Property Investment Law




Every land has its own rules and a person who is interested in investment in property in Czech Republic should be aware of the law of the land. An awareness of it will help the investor a lot better in making the best out of his investment.

The political and economic stability of the country




Apart from being a member of the EU, the Czech Republic is a member of the NATO and has also fully integrated in other major international organizations like IMF, WTO and EBRD. The country is following parliamentary democracy and has one of the most developed transitional economies. Since 1991, the strong and independent Czech National Bank has been maintaining exceptional monetary stability and the country is as safe as any other developed nation in Europe. All the trade and commerce related transactions are at par with the standards of the EU.

Who can acquire property in Czech Republic?
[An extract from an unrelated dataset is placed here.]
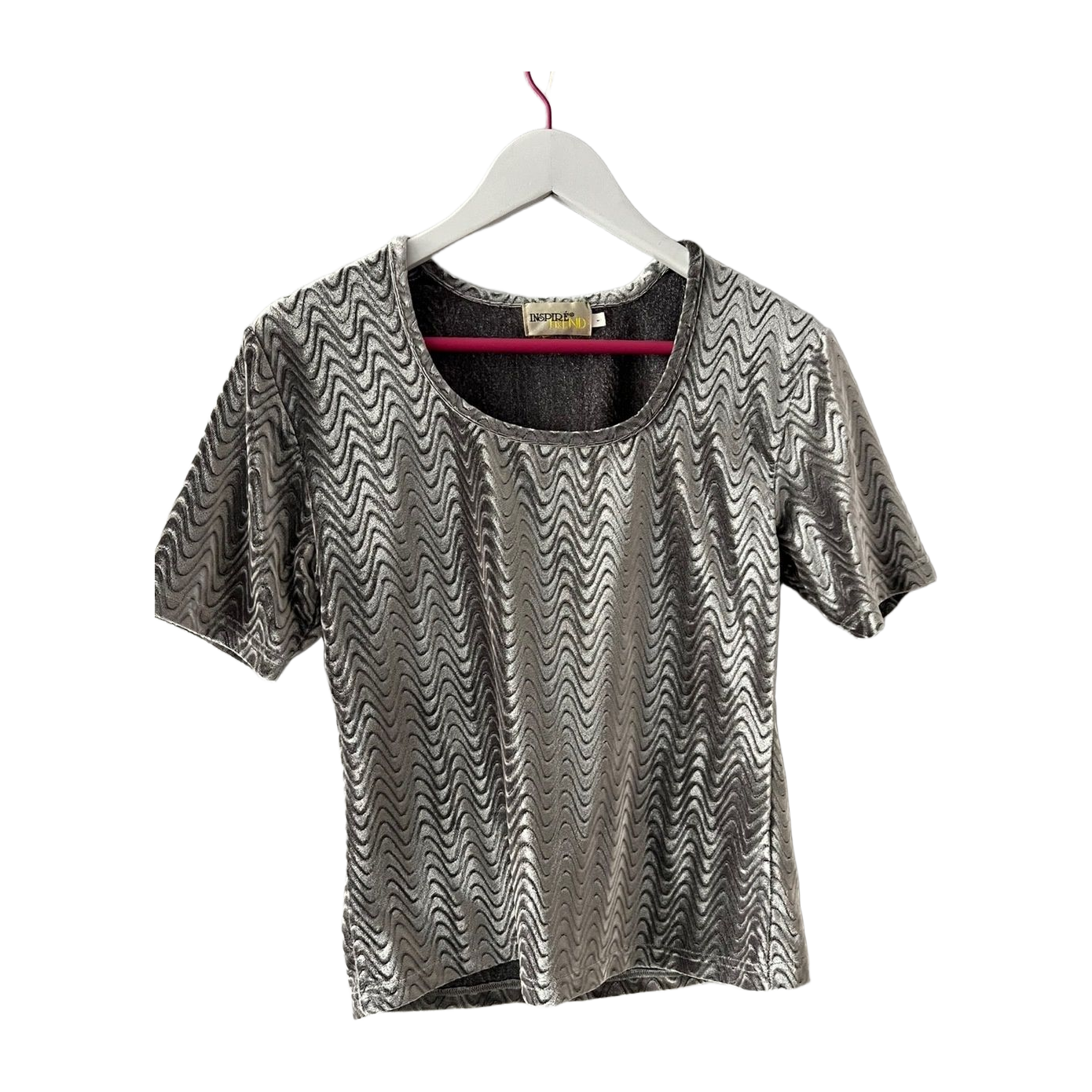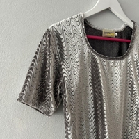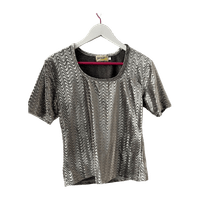 Hopeanvärinen joustava samettipaita, todella siistissä kunnossa. Koko l, pituus 57cm ja kai kai mitta venyttämättä 44cm.

Under the law of the county anyone from the county or from any of the European Union countries can buy property in the land. There is no discrimination between foreign nationals and the citizens of the country for buying property except in banking and defense sectors. The government will not intervene at any stage in investment projects by foreign nationals or by foreign countries. The country is a member of the OECD and it is expected not to discriminate between foreign nationals while it comes to investment in private sector except for things related to national security.

Am I protected?

There are many investors who are concerned about the safety of the property in a foreign land. There may be countries where there are strict rules and regulations, but not so in Czech Republic as it is a member of an international organization focusing on investment protection, which is a part of the International Monetary Fund, the Multilateral Investment Guarantee Agency (MIGA). The country has signed bilateral agreements to enhance and protect foreign investments with countries like the United Kingdom, Italy, the Netherlands, Denmark, Norway, Finland, France, Germany, Austria, Switzerland, Belgium, Luxembourg, and the United States. The complete version of the law is available with the collection of Laws of the Czech Republic.

Profit repatriation

To protect the investors from double taxation, the country has signed agreements with counties including all the members of the EU, Switzerland, the United States, Australia, Japan and Canada. The complete list of the countries can be obtained from the Ministry of Finance. The agreements regarding the double taxation apply to interest, dividends and remuneration of board officers. For a complete version of it, one has to contact with the ministry.

Conclusion

Czech Republic is a great place for an investor as the law of the county protects the interests of the investors. Moreover, the chance of great returns in a short time is almost certain and this is the ideal place for a far-sighted investor. Why should you wait, Czech Republic with all her majestic charm is the ideal location for every investor.